**EXERCISE**
Copy out each line of the entries below in which the string "complete" appears.

[Items from a dataset]
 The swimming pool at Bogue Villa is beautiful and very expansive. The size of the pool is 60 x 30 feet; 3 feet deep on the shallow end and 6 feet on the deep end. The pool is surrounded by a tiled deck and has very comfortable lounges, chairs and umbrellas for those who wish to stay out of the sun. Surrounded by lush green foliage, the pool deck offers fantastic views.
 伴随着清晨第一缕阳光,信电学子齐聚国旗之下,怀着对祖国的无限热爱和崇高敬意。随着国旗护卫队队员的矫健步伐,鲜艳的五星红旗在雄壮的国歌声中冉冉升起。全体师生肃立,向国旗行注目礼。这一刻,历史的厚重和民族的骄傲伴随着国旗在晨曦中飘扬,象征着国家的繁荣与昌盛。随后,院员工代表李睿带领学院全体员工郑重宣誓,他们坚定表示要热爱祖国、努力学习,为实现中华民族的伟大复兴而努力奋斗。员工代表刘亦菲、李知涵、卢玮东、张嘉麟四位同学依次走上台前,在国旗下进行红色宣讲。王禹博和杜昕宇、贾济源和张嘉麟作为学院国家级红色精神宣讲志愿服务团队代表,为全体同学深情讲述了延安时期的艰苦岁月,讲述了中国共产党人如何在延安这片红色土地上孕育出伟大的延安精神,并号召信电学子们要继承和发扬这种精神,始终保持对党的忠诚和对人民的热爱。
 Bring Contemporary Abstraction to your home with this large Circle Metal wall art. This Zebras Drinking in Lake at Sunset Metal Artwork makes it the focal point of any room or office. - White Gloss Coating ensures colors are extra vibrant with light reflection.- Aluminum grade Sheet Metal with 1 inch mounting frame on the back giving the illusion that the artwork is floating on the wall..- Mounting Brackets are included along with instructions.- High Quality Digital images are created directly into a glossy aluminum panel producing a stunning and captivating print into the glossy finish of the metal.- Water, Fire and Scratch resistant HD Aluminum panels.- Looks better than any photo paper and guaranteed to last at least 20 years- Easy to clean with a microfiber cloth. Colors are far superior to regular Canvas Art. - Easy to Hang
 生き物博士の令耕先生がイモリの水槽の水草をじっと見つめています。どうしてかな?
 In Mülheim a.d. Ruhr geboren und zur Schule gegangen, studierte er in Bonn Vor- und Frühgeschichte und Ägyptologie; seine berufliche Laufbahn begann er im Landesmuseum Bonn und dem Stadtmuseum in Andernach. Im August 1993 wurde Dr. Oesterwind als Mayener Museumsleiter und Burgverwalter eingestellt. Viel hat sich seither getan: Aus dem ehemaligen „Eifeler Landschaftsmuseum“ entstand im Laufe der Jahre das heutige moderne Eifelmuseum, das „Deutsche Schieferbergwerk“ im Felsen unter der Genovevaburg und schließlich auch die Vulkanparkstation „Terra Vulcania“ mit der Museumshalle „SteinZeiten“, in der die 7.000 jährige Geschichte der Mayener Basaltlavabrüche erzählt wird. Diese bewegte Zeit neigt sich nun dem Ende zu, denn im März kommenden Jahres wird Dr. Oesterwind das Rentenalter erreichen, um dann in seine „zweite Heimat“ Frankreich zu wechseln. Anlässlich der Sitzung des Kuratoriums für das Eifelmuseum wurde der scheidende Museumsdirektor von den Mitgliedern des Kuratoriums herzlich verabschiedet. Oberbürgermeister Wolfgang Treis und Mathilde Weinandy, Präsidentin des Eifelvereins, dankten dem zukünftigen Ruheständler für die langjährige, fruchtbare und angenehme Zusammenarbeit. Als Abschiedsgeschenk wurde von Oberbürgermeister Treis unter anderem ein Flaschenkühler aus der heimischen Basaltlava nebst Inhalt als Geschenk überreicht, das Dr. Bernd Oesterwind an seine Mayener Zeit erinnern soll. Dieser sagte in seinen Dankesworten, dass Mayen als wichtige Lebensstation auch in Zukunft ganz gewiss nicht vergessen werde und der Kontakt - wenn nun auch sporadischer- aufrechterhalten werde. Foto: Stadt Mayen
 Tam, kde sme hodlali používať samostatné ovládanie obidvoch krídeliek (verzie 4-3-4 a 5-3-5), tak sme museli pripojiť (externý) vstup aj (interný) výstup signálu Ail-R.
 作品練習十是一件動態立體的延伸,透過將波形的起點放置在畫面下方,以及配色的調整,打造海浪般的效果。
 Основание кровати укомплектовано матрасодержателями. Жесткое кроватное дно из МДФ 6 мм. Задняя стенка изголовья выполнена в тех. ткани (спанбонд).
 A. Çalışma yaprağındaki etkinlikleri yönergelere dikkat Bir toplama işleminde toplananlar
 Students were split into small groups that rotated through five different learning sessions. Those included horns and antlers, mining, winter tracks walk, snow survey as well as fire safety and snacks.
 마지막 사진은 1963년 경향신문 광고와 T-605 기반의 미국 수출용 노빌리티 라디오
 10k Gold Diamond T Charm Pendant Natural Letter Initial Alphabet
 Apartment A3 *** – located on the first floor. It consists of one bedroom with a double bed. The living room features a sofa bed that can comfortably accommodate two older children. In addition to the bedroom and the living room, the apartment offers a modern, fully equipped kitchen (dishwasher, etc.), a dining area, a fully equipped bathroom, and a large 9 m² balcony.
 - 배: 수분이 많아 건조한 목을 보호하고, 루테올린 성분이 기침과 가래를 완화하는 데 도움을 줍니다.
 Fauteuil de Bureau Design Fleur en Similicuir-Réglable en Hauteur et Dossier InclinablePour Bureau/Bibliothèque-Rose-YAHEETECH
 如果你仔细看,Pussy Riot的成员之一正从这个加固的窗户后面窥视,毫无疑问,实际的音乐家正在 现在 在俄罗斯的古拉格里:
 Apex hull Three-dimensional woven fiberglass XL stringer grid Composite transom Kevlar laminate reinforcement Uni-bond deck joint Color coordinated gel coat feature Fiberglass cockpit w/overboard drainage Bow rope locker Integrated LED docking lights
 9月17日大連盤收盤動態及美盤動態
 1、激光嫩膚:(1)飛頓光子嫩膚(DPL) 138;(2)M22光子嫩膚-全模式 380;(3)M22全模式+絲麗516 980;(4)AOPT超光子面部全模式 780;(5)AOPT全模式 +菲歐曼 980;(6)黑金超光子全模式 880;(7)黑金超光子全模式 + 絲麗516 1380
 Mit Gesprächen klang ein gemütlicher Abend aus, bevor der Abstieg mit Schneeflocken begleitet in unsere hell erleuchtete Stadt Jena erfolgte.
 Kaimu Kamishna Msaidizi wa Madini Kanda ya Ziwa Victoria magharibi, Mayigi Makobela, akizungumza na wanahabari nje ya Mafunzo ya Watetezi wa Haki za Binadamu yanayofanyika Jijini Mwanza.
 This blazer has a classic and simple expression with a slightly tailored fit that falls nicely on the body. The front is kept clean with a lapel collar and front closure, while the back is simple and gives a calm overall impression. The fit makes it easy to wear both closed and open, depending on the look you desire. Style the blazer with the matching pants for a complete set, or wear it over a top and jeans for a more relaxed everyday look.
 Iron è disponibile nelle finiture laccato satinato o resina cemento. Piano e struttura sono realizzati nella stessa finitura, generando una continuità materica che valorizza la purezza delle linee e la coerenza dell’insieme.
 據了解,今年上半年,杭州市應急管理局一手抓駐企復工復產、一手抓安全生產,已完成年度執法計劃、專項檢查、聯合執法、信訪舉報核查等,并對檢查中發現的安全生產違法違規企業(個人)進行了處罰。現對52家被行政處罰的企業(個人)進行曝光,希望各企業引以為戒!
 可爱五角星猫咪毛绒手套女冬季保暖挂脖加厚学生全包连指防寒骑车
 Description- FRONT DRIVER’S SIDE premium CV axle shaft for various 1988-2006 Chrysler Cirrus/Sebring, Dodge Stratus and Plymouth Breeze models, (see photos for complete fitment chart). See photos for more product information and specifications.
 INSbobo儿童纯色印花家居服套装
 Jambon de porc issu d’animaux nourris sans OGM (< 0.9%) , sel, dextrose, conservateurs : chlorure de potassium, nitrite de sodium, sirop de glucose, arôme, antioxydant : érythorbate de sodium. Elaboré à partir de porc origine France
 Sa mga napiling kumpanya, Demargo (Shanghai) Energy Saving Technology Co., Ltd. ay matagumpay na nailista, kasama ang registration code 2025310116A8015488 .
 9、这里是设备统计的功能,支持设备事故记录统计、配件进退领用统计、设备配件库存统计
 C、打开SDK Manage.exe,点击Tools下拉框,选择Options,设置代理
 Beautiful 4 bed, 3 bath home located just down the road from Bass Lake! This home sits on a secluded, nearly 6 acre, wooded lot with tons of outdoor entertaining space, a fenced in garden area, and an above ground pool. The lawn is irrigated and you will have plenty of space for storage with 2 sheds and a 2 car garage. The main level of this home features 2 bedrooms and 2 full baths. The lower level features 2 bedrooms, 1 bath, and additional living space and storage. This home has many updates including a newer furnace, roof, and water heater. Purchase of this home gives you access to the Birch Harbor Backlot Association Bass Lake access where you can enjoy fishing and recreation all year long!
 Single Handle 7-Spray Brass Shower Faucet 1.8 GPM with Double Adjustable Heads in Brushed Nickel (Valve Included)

**ANSWER TO THE EXERCISE**
 This blazer has a classic and simple expression with a slightly tailored fit that falls nicely on the body. The front is kept clean with a lapel collar and front closure, while the back is simple and gives a calm overall impression. The fit makes it easy to wear both closed and open, depending on the look you desire. Style the blazer with the matching pants for a complete set, or wear it over a top and jeans for a more relaxed everyday look.
 Description- FRONT DRIVER’S SIDE premium CV axle shaft for various 1988-2006 Chrysler Cirrus/Sebring, Dodge Stratus and Plymouth Breeze models, (see photos for complete fitment chart). See photos for more product information and specifications.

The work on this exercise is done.